• Raw data:
==============================
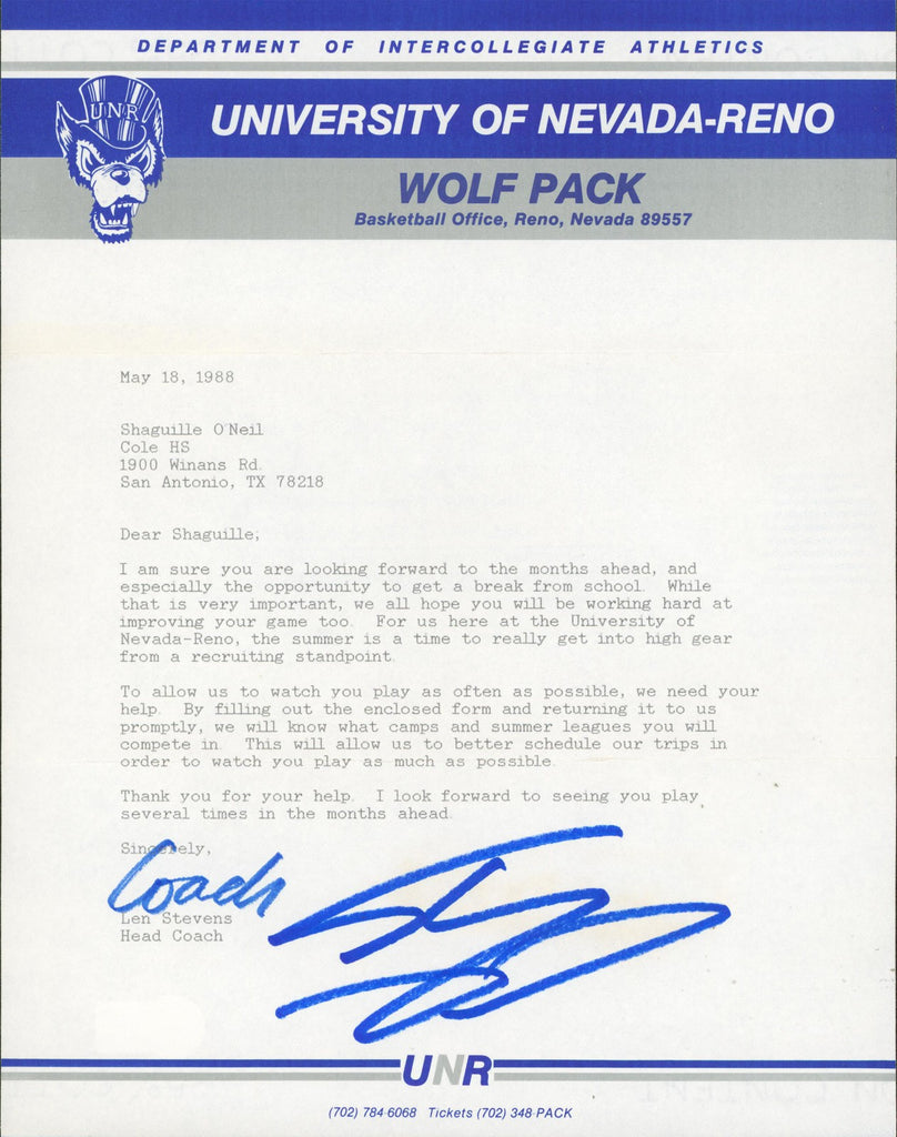 This is a 1988 University of Nevada-Reno Shaquille O'Neal Recruitment Envelope & Letter has been written to Shaquille O'Neal. This recruitment letter was signed by Len Stevens, the Head Basketball Coach of University of Nevada-Reno. Stevens' signature is not authenticated. This recruitment letter will come with a Letter of Authenticity from Shaquille O'Neal, which has been signed in the presence of a Beckett representative. This letter will come with its original envelope, which has also been signed and Witnessed by Beckett. This letter was was kept in Shaquille O'Neal's personal collection since it was received.
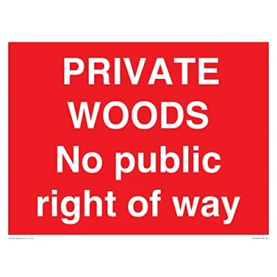 No Symbol This sign is made from plastic rigid 3mm 3mm plastic sign with foam core. Can be screwed, stuck with adhesive or hung with a hanging kit. Not suitable for cable ties. A3 landscape Sign Text: PRIVATE WOODS No public right of way
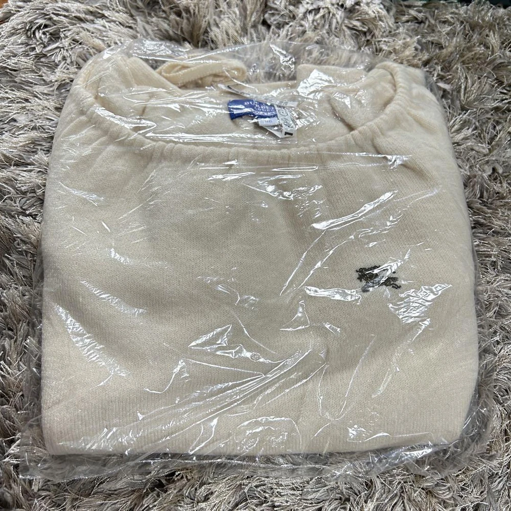 Burberry Blue Label Off White Knit Sweater Horsemark Size 38 Used Key Features **BURBERRY BLUE LABEL Knit Sweater** - **Brand:** Burberry Blue Label - **Product Type:** Knit Sweater - **Model:** Horse Mark Design - **Color:** Off-White - **Size:** Tag size 38 **Detailed Features:** - **Condition:** Gently used, worn only twice; overall good condition. - **Notable Flaw:** Small stain near the ribbon at the hem (see photo 7). - **Care:** Professionally cleaned. - **Design:** Crew neck, suitable for autumn and winter wear. - **Usage:** Minimal signs of wear, please consider this is a pre-owned item. Please review the photos for detailed design elements. Thank you for understanding the nature of used items. Specifications Brand Burberry Blue Label Country Japan Product Description Item Title Off White Burberry Blue Label Knit Payment Supports managed payments Please pay within 5 days after auction is finished. About Us We are located in Japan. It's our pleasure to make you happy by proposing our recommend item. If you have any questions or request about items, please feel free to ask us. International Buyers - Please Note: -Import duties, taxes, and charges are not included in the item price or shipping charges. These charges are the buyer's responsibility. -Please check with your country's customs office to determine what these additional costs will be prior to bidding/buying. -These charges are normally collected by the delivering freight (shipping) company or when you pick the item up - do not confuse them for additional shipping charges. -We do not mark merchandise values below value or mark items as - gifts - The US and International government regulations prohibit such behavior. Thank you for your understanding.
==============================
• Exercise goal:
Without including any picture, repeat the data exactly.

• The completed task:
 This is a 1988 University of Nevada-Reno Shaquille O'Neal Recruitment Envelope & Letter has been written to Shaquille O'Neal. This recruitment letter was signed by Len Stevens, the Head Basketball Coach of University of Nevada-Reno. Stevens' signature is not authenticated. This recruitment letter will come with a Letter of Authenticity from Shaquille O'Neal, which has been signed in the presence of a Beckett representative. This letter will come with its original envelope, which has also been signed and Witnessed by Beckett. This letter was was kept in Shaquille O'Neal's personal collection since it was received.
 No Symbol This sign is made from plastic rigid 3mm 3mm plastic sign with foam core. Can be screwed, stuck with adhesive or hung with a hanging kit. Not suitable for cable ties. A3 landscape Sign Text: PRIVATE WOODS No public right of way
 Burberry Blue Label Off White Knit Sweater Horsemark Size 38 Used Key Features **BURBERRY BLUE LABEL Knit Sweater** - **Brand:** Burberry Blue Label - **Product Type:** Knit Sweater - **Model:** Horse Mark Design - **Color:** Off-White - **Size:** Tag size 38 **Detailed Features:** - **Condition:** Gently used, worn only twice; overall good condition. - **Notable Flaw:** Small stain near the ribbon at the hem (see photo 7). - **Care:** Professionally cleaned. - **Design:** Crew neck, suitable for autumn and winter wear. - **Usage:** Minimal signs of wear, please consider this is a pre-owned item. Please review the photos for detailed design elements. Thank you for understanding the nature of used items. Specifications Brand Burberry Blue Label Country Japan Product Description Item Title Off White Burberry Blue Label Knit Payment Supports managed payments Please pay within 5 days after auction is finished. About Us We are located in Japan. It's our pleasure to make you happy by proposing our recommend item. If you have any questions or request about items, please feel free to ask us. International Buyers - Please Note: -Import duties, taxes, and charges are not included in the item price or shipping charges. These charges are the buyer's responsibility. -Please check with your country's customs office to determine what these additional costs will be prior to bidding/buying. -These charges are normally collected by the delivering freight (shipping) company or when you pick the item up - do not confuse them for additional shipping charges. -We do not mark merchandise values below value or mark items as - gifts - The US and International government regulations prohibit such behavior. Thank you for your understanding.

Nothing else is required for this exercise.